Как могло не всколыхнуться мое сердце? Как я мог не поверить, что во всем этом есть что-то настоящее, что-то, что может продлиться?
Спустя месяцы, когда масштабы экономических разрушений были полностью осознаны, а настроение общества стало мрачным, я и моя команда спросили себя, должны ли мы были — с точки зрения политики и управления — сделать больше, чтобы приглушить этот коллективный послевыборный кайф и подготовить страну к грядущим трудностям. Нельзя сказать, что мы не пытались. Когда я возвращаюсь назад и читаю интервью, которые я давал непосредственно перед вступлением в должность, я поражаюсь тому, насколько трезво я рассуждал — настаивал на том, что экономика станет хуже, прежде чем станет лучше, напоминал людям, что реформа здравоохранения не может произойти в одночасье и что не существует простых решений в таких местах, как Афганистан. То же самое можно сказать и о моей инаугурационной речи: Я попытался нарисовать честную картину наших обстоятельств, убрав некоторые возвышенные заявления в пользу призывов к ответственности и общим усилиям перед лицом сложных проблем.
Все это черным по белому, довольно точная оценка того, как пройдут следующие несколько лет. И все же, может быть, это и к лучшему, что люди не слышали этих предостережений. В конце концов, в начале 2009 года было нетрудно найти причины для страха и гнева, для недоверия политикам и институтам, которые подвели стольких людей.
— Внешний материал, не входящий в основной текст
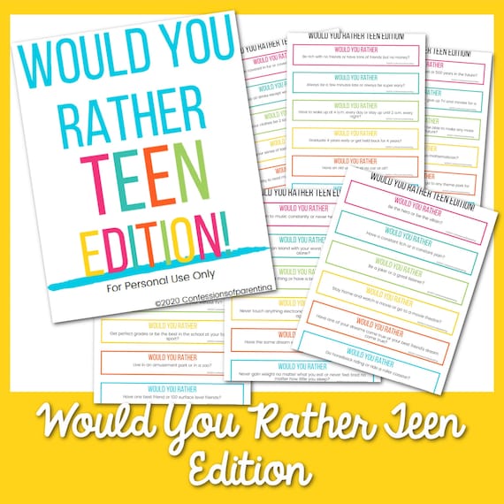 Helpful questions to break the ice and get teens talking, laughing and engaging in conversation. Would you rather questions are so much fun! Playing would you rather questions is a great way to kick off a remote meeting. Your classic would you rather? questions are on rrrather. Last updated on may 6th, 2021 at 04:01 pm. Check the 90 best & hardest would you rather questions for teens! Would you rather be famous for embarrassing yourself on tiktok or be famous because people like to make fun of you without you knowing? Would you rather entertainment questions. We've rounded up the 250 best would you rather questions that run the gamut from serious to silly. Because if you're looking for questions. The perfect list of carefully chosen would you rather questions for you. How to play would you rather for teens. Would you rather questions are a great way of quizzing one another, either for fun or as a conversation starter, and it's a favorite for teenagers.
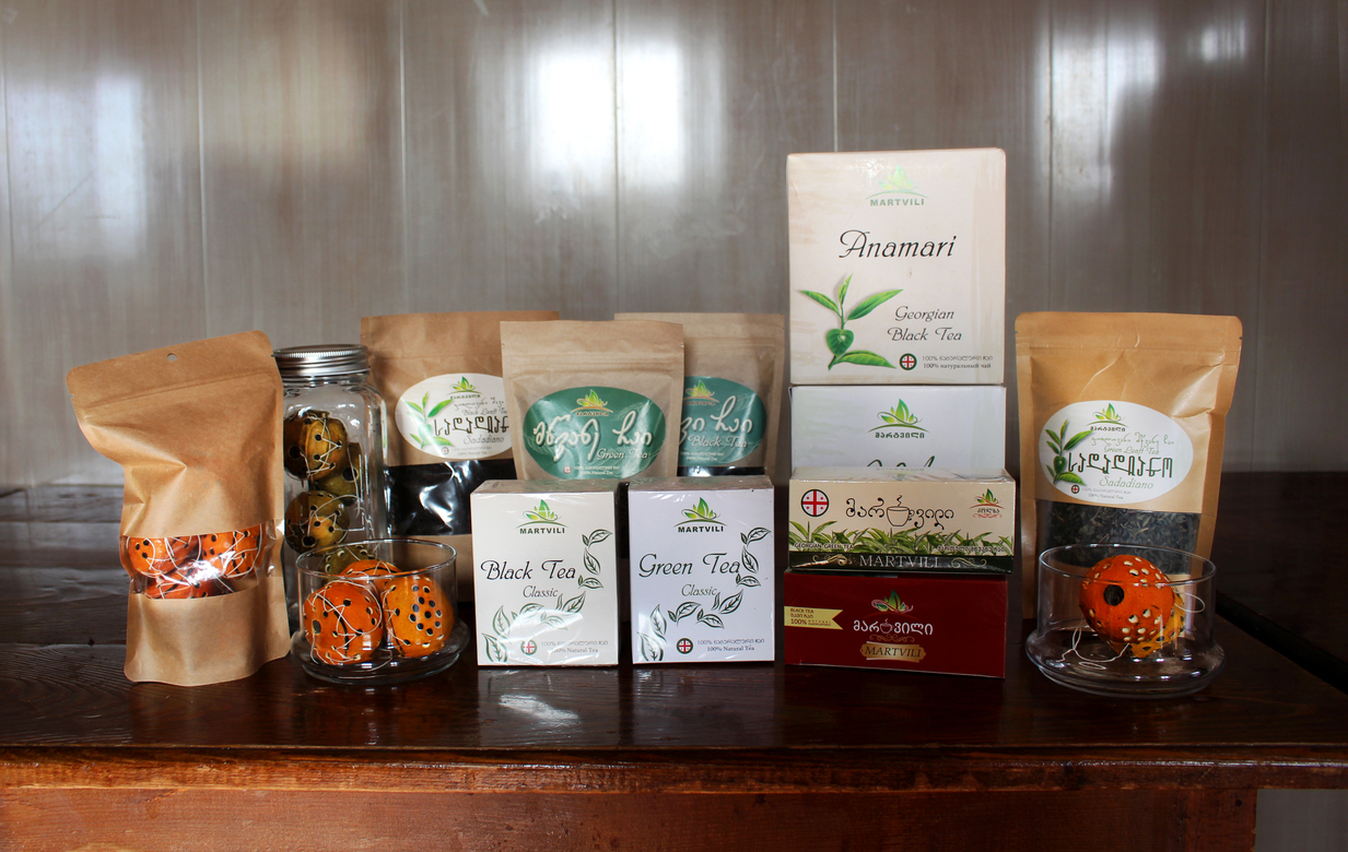 Martvili Tea mainly makes black and green tea, but they also have a small quantity of white tea. The premium quality black tea has the classic taste typical of Georgian blacks, with a mild nutty sweetness, while the premium green is light and pleasant, with mild vegetal notes and hints of fruit. They also create one unique specialty product: tea balls in citrus peel (orange, lemon, or lime). The tea is pressed, similarly to pu'er, and hand-wrapped in the peels. The taste is as expected – a strong brew with citrus notes – but the tea ball is a visually striking novelty, and packs enough tea to brew up to two liters.
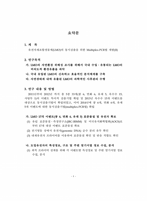 i 요약문 1. 제 목 유전자재조합생물체 LMO 의 동시검출을 위한 Multiplex-PCR법 개발 II 2. 연구목적 가. LMO의 자연환경 위해성 조사를 위해서 국내 수입?유통되는 LMO의 비의도적 환경유출을 파악 나. 국내 유입된 LMO의 신속하고 효율적인 분석체계를 구축 다. 자연생태계 내에 유출된 LMO의 과학적인 사후관리 수행 3. 연구 내용 및 방법 2011년부터 2012년 까지 총 5종 33개 콩 6, 면화 6, 유채 5, 옥수수 15, 사탕무 1 의 이벤트 특이적 검출기법 확립 및 2013년 옥수수 15개 이벤트를 대상으로 동시검출기법이 확립되었고, 이어 2014년에 콩 6개, 면화 6개, 유채 5개 이벤트에 대한 동시검출기법 multiplex-PCR법 확립 가. LMO 17개 이벤트 콩 6...
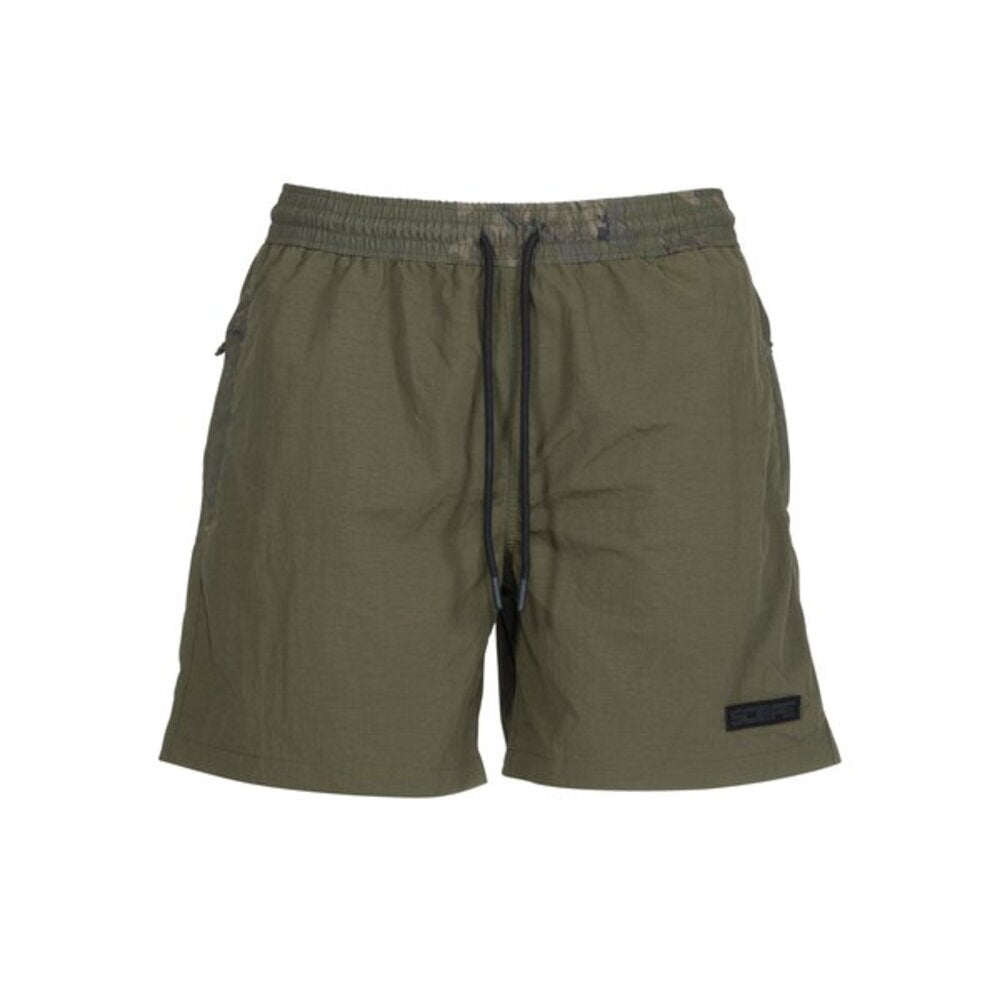 Marca de fatos de banho Nash modelo Scope Calção Ops em cores caqui/camuflagemespecialmente para a pesca com carpas.

Может быть, нужен был прилив энергии, пусть даже мимолетный — счастливая история о том, кем мы были как американцы и кем мы можем стать, такой кайф, который мог бы дать достаточный импульс, чтобы мы прошли через самую коварную часть пути.
Это похоже на то, что произошло. Было принято коллективное, негласное решение, что по крайней мере на несколько недель страна возьмет столь необходимую передышку от цинизма.
-
ДЕНЬ Инаугурации наступил, яркий, ветреный и холодный. Поскольку я знал, что события были срежиссированы с военной точностью, и поскольку я склонен жить с отставанием от графика на пятнадцать минут, я завел два будильника, чтобы быть уверенным, что встану вовремя. Пробежка на беговой дорожке, завтрак, душ и бритье, повторные попытки завязать узел галстука, и к восьми сорока пяти утра мы с Мишель были в машине, чтобы за две минуты доехать от Блэр-Хауса до епископальной церкви Святого Иоанна, куда мы пригласили нашего друга, далласского пастора Т. Д. Джейкса, провести частную службу.
В своей утренней проповеди преподобный Джейкс опирался на ветхозаветную Книгу Даниила, описывая, как Шадрах, Мисах и Авденаго, верные Богу, несмотря на свою службу при царском дворе, отказались преклонить колени перед золотым идолом царя Навуходоносора; в результате трое мужчин были брошены в пылающую печь; и все же из-за их верности Бог защитил их, помог им выйти из печи невредимыми.
Преподобный Джейкс объяснил, что, принимая президентство в такое неспокойное время, я тоже был брошен в пламя. Пламя войны. Пламя экономического краха. Но пока я остаюсь верным Богу и делаю то, что правильно, мне тоже нечего бояться.
Пастор говорил величественным баритоном, его широкое смуглое лицо улыбалось мне с кафедры. "Бог с тобой", — сказал он, — "в печи".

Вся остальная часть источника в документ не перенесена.